Creating a culture of recognition is a challenging enough task with an organization of just 100 employees, but what about when you’ve got 50,000 employees to keep inspired? At telecom giant Verizon, this task falls primarily on the shoulders of two motivators-in-chief: Vicki Cahill, the director of incentives and recognitions programs for Verizon’s Domestic Telecom group, and Barbe Mariotti, the manager of Recognition and Incentives for Verizon Business.
Speaking recently with HR Management Magazine, Cahill and Mariotti describe Verizon’s new, broader approach to recognition, which they date to the company’s merger with MCI. The result of this merger was Verizon Business, consisting of 32,000 non-sales employees. Mariotti says the company hoped to expand on the existing recognition program for salespeople to include the team members now under the Verizon Business umbrella.
"For these employees you can’t say, ‘Well, you did X so you get Y’ like you can in the sales organization," Mariotti says, so in Verizon Business we needed to make this culture of recognition part of the management’s day-to-day duties. We use a point structure, and it’s online. We created it with flexibility in mind, because there are a number of organizations that need to use it, and be able to recognize their employees for the different milestones they hit throughout the year."

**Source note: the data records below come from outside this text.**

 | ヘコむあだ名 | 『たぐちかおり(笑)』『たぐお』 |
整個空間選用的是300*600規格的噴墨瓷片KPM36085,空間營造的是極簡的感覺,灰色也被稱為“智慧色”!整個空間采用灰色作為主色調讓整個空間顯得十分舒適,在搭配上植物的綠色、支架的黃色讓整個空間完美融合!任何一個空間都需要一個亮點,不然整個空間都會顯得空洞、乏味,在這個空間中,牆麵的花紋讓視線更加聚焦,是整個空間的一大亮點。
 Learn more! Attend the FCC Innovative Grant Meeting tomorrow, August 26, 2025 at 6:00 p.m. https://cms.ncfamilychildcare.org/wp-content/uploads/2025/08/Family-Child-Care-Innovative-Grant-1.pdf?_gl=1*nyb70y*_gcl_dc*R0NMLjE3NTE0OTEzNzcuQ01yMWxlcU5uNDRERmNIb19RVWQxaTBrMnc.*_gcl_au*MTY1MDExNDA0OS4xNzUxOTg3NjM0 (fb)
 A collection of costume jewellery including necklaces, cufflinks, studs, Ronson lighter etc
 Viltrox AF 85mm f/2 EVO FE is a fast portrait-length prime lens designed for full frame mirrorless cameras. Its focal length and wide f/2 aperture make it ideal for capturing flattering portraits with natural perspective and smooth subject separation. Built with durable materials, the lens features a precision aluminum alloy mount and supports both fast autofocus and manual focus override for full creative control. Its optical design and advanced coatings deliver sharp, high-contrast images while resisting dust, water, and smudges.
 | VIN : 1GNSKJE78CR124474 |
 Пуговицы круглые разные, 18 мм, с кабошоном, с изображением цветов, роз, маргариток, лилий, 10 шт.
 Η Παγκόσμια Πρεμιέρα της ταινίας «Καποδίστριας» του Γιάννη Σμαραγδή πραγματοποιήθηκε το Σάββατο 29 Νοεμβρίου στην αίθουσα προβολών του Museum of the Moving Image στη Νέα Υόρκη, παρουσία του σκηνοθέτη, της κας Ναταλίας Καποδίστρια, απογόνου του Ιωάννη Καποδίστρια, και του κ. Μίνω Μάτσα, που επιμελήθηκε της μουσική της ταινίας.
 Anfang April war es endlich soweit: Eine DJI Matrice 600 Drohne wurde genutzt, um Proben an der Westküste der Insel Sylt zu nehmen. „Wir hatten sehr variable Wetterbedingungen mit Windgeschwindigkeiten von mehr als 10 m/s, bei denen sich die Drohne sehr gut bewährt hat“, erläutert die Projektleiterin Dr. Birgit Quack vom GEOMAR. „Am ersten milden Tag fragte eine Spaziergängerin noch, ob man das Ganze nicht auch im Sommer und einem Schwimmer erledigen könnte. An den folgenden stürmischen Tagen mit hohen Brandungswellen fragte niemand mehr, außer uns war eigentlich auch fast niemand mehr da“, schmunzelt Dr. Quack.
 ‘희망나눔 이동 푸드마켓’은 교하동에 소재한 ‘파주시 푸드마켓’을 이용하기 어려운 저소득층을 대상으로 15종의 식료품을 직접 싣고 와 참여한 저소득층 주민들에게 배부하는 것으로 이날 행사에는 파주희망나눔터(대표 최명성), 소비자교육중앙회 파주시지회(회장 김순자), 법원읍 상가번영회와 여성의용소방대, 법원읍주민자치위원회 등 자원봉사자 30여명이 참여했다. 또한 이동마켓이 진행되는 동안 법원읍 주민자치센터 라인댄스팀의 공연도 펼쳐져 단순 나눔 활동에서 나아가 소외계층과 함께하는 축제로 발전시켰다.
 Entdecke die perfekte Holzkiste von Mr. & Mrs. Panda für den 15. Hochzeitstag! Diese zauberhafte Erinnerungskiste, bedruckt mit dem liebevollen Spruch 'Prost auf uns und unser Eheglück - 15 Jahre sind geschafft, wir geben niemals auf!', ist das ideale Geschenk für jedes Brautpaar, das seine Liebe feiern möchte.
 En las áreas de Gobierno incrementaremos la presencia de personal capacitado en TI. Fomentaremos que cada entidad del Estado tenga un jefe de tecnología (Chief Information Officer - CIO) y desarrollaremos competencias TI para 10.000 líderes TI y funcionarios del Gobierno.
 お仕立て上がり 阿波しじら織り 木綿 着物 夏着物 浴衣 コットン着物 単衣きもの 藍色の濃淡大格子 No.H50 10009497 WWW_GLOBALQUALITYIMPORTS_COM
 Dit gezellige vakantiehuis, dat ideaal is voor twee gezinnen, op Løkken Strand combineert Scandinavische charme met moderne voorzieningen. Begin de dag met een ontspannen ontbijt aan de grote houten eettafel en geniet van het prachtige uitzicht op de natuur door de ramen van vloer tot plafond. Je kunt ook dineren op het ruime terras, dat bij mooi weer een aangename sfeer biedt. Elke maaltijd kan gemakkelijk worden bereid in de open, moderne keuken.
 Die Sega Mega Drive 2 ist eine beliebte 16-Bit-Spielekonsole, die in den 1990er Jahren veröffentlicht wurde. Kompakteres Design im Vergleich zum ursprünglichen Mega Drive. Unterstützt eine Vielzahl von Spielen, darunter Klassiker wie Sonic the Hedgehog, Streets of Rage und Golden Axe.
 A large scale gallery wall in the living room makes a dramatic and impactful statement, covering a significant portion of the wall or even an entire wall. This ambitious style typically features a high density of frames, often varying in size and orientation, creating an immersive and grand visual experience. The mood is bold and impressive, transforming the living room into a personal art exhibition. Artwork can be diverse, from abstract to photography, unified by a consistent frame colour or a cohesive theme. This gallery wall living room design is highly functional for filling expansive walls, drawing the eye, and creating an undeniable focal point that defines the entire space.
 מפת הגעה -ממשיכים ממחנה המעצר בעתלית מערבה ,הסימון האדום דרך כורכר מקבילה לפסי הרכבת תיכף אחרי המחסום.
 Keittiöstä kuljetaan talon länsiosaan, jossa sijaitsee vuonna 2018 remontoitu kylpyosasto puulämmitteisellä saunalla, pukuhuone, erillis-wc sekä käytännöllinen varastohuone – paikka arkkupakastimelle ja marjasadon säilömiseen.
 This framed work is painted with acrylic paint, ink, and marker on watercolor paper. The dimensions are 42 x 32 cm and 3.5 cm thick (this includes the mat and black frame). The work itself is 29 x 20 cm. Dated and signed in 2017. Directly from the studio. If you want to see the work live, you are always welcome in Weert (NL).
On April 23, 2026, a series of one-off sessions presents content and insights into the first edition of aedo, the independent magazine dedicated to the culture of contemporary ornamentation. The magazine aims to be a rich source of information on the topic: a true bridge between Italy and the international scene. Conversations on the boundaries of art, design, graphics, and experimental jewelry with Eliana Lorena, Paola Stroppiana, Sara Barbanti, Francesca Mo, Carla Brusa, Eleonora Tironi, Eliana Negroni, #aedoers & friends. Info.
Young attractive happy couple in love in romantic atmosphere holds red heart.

For a program of such magnitude, Cahill says trying to handle administration in-house would have been impossible. Instead, the tracking is done by Verizon and then every month, files are transferred to an outside agency that manipulates the data according to current rules structures. The agency also helps with communication, design, administering results, converting results into payouts, and making deposits into employees’ accounts.
"Due to the complexity of the rewards we want to offer our employees, you absolutely have to use a third party to do that in an efficient way," Mariotti says.
In Verizon’s case, complexity involves offering employees a great deal of flexibility in their reward choices. In addition to a catalog featuring more than 1,200 merchandise items, the company offers gift cards to 200 different retailers, as well as even more specialized options for international employees. But as Cahill points out, Verizon is willing to stretch beyond these boundaries for unique employee requests.
"We had an employee who had been saving his points from the sales group for several years, and eventually he saved enough to buy a pickup truck," Cahill says. "The third party went out, sourced his truck for him, and converted his points. We also have a site that’s a bit like eBay, where we have unusual items, like collector baseballs or tickets to sold-out concerts. Employees can bid their points for those items online."
Offering a wide array of award mediums is important, Cahill adds, because the company doesn’t want employees to ever feel like they’ve exhausted their prize options.
"We’ve got enough out there that they could sell forever and there would still be plenty of variety of gifts, travel, and merchandise they could select from," Cahill says.
And while the larger program may have originated as an extension of the company’s sales incentives offerings, Cahill notes that sales and non-sales employees require unique recognition strategies.
"One of the reasons we don’t do cash or gift cards on the sales side particularly is that you really want those tangible items; you want the employees to think and dream of earning something," Cahill says. "It can be a very powerful tool if its used effectively."
Similarly, Mariotti observes, travel incentives tend to work better for a sales audience because salespeople particularly benefit from the camaraderie that goes along with group travel, while the company can get motivational mileage, so to speak, out of winners who come back talking up their experiences in Hawaii or the Caribbean.
Beyond the specifics of the gifts or the details of individual programs, however, Mariotti says that a culture of recognition ties the reward to the company, so that recipients will always remember and think about the company they work for as they use or enjoy their reward.
"With recognition it’s always in the back of someone’s mind, ‘I’m going to do a good job because I want to be recognized for this,’ knowing that they might be recognized with an e-card or a thank-you or praise in front of their peers in key meetings all that builds on itself and managers are using that throughout the year," Mariotti says. "Rewards and incentives are really powerful tools that managers can use within their teams to keep everyone motivated."